Giulia Carcasi: Ruggine. Un racconto

26 Luglio 2005

Due uomini d´affari prendono un aperitivo da Rosati, brindano a un contratto, parlano di donne dello spettacolo, s´intendono alla perfezione su gambe vertiginose e scollature profonde.
Una ragazza aspetta al tavolino qualcuno. Un vestito di seta turchese le accarezza il corpo, una matita sottolinea i suoi occhi blu. Ogni tanto guarda l´orologio, sposta il posacenere un centimetro a destra e uno a sinistra, di nuovo l´orologio, poi i suoi occhi azzurri si spengono in un pensiero triste: forse lui non verrà.
So quanto è dura l´attesa.
Vado di corsa, faccio passi svelti, più svelti, per arrivare presto, più presto. Abbiamo già perso tanto tempo io e te...

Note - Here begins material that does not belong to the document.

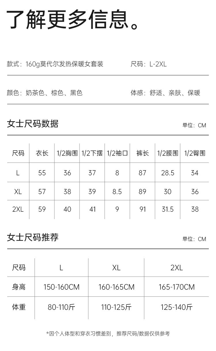 美奈川 莫代尔发热保暖女套装(160G ) BN-W09182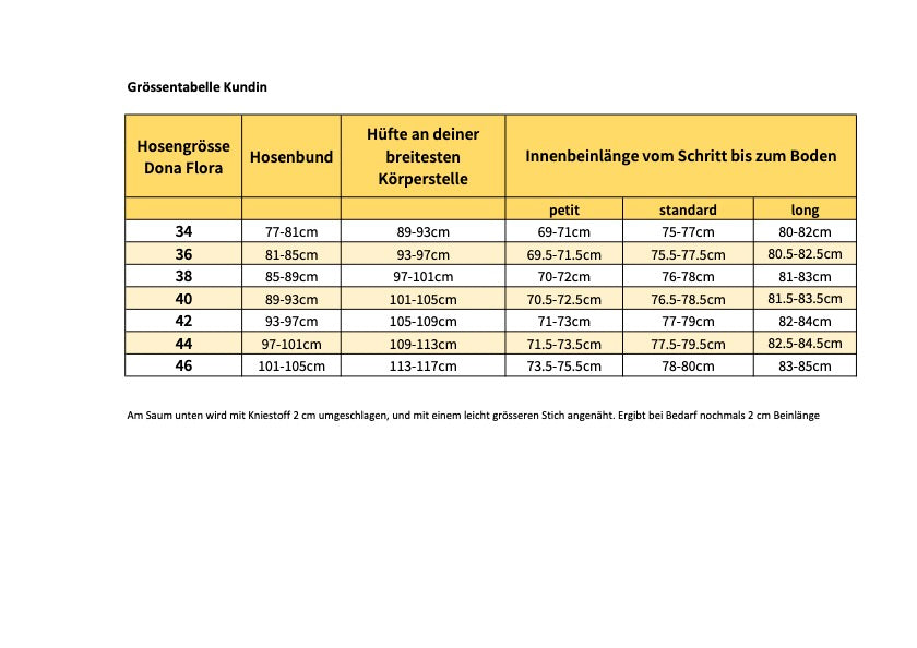 Wir produzieren unsere Gartenhose in den Grössen 36-44, in den Längen: Standard, Petit und Long.

Un suonatore di strada dà vita a una musica nostalgica, sperando di strappare qualche centesimo ai passanti.
Ti aspetto.
Mi siedo sui gradini di Santa Maria dei Miracoli. Non entro, sono anni che non mi confesso, ho smesso di credere ai santi.
Piazza del Popolo trattiene il suo fascino, come quelle signore invecchiate bene.
E´ un porto di mare qui: gente che va, gente che viene, gente che vorresti trattenere per guardarla meglio, per rubarle una storia. Gente di passaggio che si stringe nella giacca e scivola via.
Solo l´obelisco se ne sta lì fermo. Ha spiato i baci dell´amore, ha sorriso al sorriso della pace, ha visto la guerra, l´ha guardata dritta negli occhi. Chissà di che colore sono gli occhi della guerra... Secondo me ha lo sguardo rosso e bagnato: si spaventa di quello che è capace di fare e piange.
Quell´obelisco ha visto anche me, te e lei.
Ma non dirà niente a nessuno, non farà la spia.
Piazza del Popolo sa ancora di noi.
Ti sento nell´aria, una tramontana che mi si aggrappa alle ossa e mi sconvolge i vestiti. Cerco d´immaginare da quale strada provieni, da dove mi arriverà l´eco delle tue scarpe. Vedo i tuoi mocassini marroni fare un passo indeciso verso di me, rallentare al pensiero di un bacio lontano, una promessa...
E´ strano come i ricordi sono capaci di influenzarti i piedi: oggi quegli stessi piedi che ti avevano portato via, ti riportano qui.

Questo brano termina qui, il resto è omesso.